Roger Kimball made sense. Then he voted for Donald Trump. Like Glenn Loury. And I’m thinking, can’t these smart men see the gangster personality oozing from Trump’s pores? Five minutes of watching Trump speak was enough for me. It’s an enormous mistake to underestimate personality and character.
And then here we are with a bill mislabeled “Don’t say gay”—it says nothing of the kind. Watch enough YouTube videos of mothers saying they don’t like graphic textbooks of descriptions of fisting and you may sympathize. African-American history hasn’t been banned. Exactly what’s been banned is public information, recently exposed by Christopher Rufo—the documents are on the net.
Watching current versions of sex and gender instruction in schools, I wonder if children are left any privacy at all. The barrage of information about sexual techniques seems to me to force children to think about sex in particular ideological ways rather than make their own discoveries. Not to mention the policy of not informing parents about a child’s wish to adopt a new gender.
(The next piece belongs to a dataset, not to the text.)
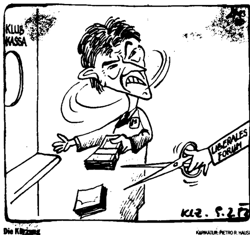
Abb. 2: Karikatur, Kleine Zeitung vom 9. 2. 1993)

des liberalen Flügels der FPÖ eine neue Partei – das „Liberales Forum“. Auffallend an der Parteispaltung ist die Tatsache, daß die Medien einhellig von „Scheidung“ sprachen. Es tauchten seltsame Formulierungen auf, z. B. daß „Jane ihren Tarzan verlassen“ habe ( Kleine Zeitung , 9. 2. 1993), Phantasien, Haider wolle Schmidt nun „killen“ ( Kleine Zeitung , 5. 2. 1993), Rückblicke wie „sie küßten und sie schlugen sich“ (ebda.). In einer Radiosendung zum Thema rief ein erzürnter Hörer an, der seiner Wut über die undankbare Heide Schmidt, die ihren Schöpfer und Förderer Haider auf so gemeine Weise verlassen habe, Ausdruck verlieh. Er identifizierte sich dabei so sehr mit Haider, daß er Aspekte seiner eigenen Scheidung mit der „politischen Scheidung“ völlig vermischte. Weiters fanden sich in den Zeitungen gehäuft Karikaturen, die an eine Kastration denken lassen, wie z. B. diese.

Book-banning is always bad. There are plenty of bad
books out there, but the best way to make them desirable is to ban them. One
might say the same for DeSantis’s bill. Except: I’ve seen too many children’s
books about what “white people” think or say or do, casting all whites as
oppressors and all blacks as oppressed. I wouldn’t want a teacher reading my
kid those books. I’ve had plenty of time to observe what schoolchildren under
Hitler learned about “the Jew” to see the potential for damage—some of my
friends’ mothers remember what they learned in elementary school; now they
shrug with disbelief and say, “that’s what the teacher said."
The money going into DEI bureaucracies is a problem. The books being read young children (not to mention the drag queens waltzed in to provide diversity training) are a problem. Is banning these things a problem? If my children were young, I’d be afraid of making undesirable notions more desirable. And I’d home-school.